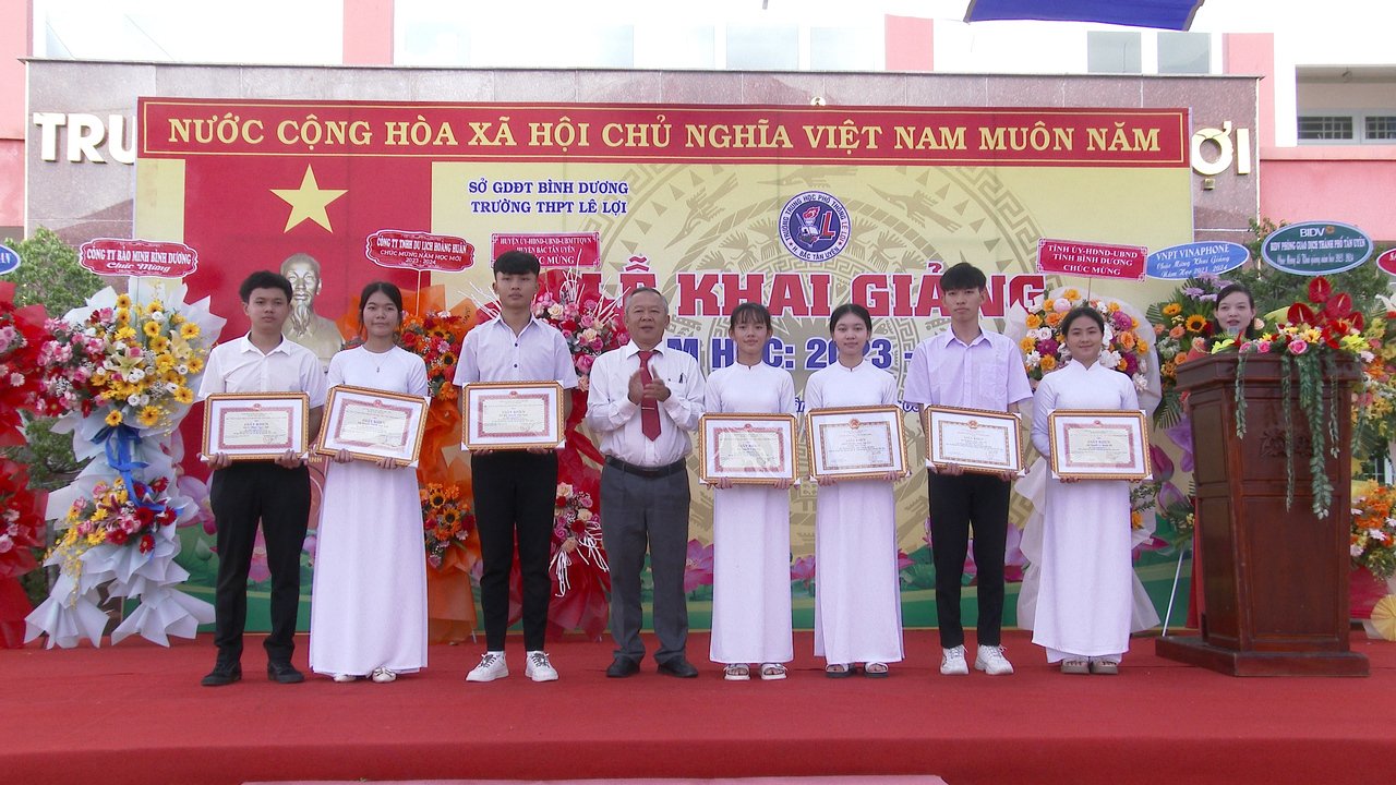 Sáng 05/9, hoà trong trong khí vui tươi, phấn khởi của học sinh cả nước, trường THPT Lê Lợi đã long trọng tổ chức buổi Lễ khai giảng chào mừng năm học mới 2023-2024. Tham dự buổi lễ có ông Võ Văn Bá - UVTV, Trưởng Ban Nội chính Tỉnh ủy; ông Thái Thanh Bình - TUV, Bí thư Huyện ủy; bà Phạm Thị Tùng Oanh - Hiệu Trưởng nhà trường cùng toàn thể thầy cô giáo và gần 600 học sinh trường THPT Lê Lợi.
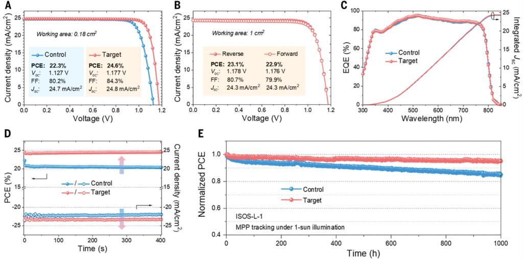 李萌教授课题组和德国亥姆霍兹柏林材料与能源中心Antonio Abate教授等合作,使用β-聚(1,1-二氟乙烯)聚合物偶极子调控钙钛矿薄膜的结晶及排列,构建了变温自调节光伏器件 获得了具有优异耐变温特性的高效钙钛矿太阳能电池。研究团队制备的p-i-n钙钛矿太阳能电池,有效面积18平方毫米的器件PCE达到了24.6%,1平方厘米的器件PCE达到了23.1%,在25°C和75°C下进行1个太阳光照射最大功率点跟踪1000小时后,分别保持了初始器件效率的96%和88%。在-60°C和+80°C之间快速变温循环下性能稳定超过一百个周期。
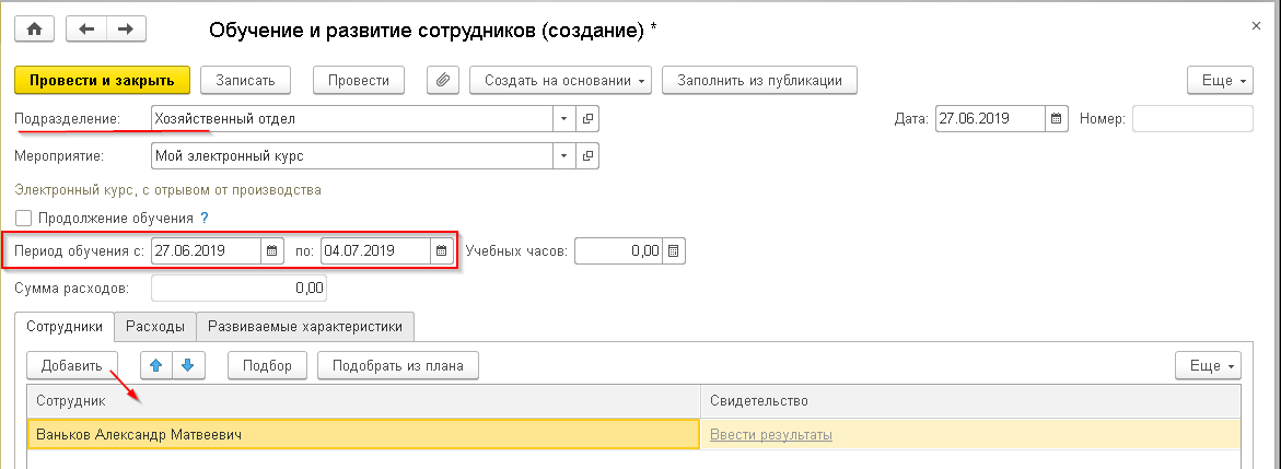 В открытой форме «Обучение и развитие сотрудников» укажите подразделение, период обучения (с…по). В табличной части «Сотрудники» с помощью кнопки «Добавить» или кнопки «Подбор» вы можете «подтянуть «сотрудников, для которых необходимо провести обучение (рис.24)
******************************
### WORK TO COMPLETE
An exact copy of the listing above, minus its pictures, is what is needed here.

### OUTPUT
 Sáng 05/9, hoà trong trong khí vui tươi, phấn khởi của học sinh cả nước, trường THPT Lê Lợi đã long trọng tổ chức buổi Lễ khai giảng chào mừng năm học mới 2023-2024. Tham dự buổi lễ có ông Võ Văn Bá - UVTV, Trưởng Ban Nội chính Tỉnh ủy; ông Thái Thanh Bình - TUV, Bí thư Huyện ủy; bà Phạm Thị Tùng Oanh - Hiệu Trưởng nhà trường cùng toàn thể thầy cô giáo và gần 600 học sinh trường THPT Lê Lợi.
 李萌教授课题组和德国亥姆霍兹柏林材料与能源中心Antonio Abate教授等合作,使用β-聚(1,1-二氟乙烯)聚合物偶极子调控钙钛矿薄膜的结晶及排列,构建了变温自调节光伏器件 获得了具有优异耐变温特性的高效钙钛矿太阳能电池。研究团队制备的p-i-n钙钛矿太阳能电池,有效面积18平方毫米的器件PCE达到了24.6%,1平方厘米的器件PCE达到了23.1%,在25°C和75°C下进行1个太阳光照射最大功率点跟踪1000小时后,分别保持了初始器件效率的96%和88%。在-60°C和+80°C之间快速变温循环下性能稳定超过一百个周期。
 В открытой форме «Обучение и развитие сотрудников» укажите подразделение, период обучения (с…по). В табличной части «Сотрудники» с помощью кнопки «Добавить» или кнопки «Подбор» вы можете «подтянуть «сотрудников, для которых необходимо провести обучение (рис.24)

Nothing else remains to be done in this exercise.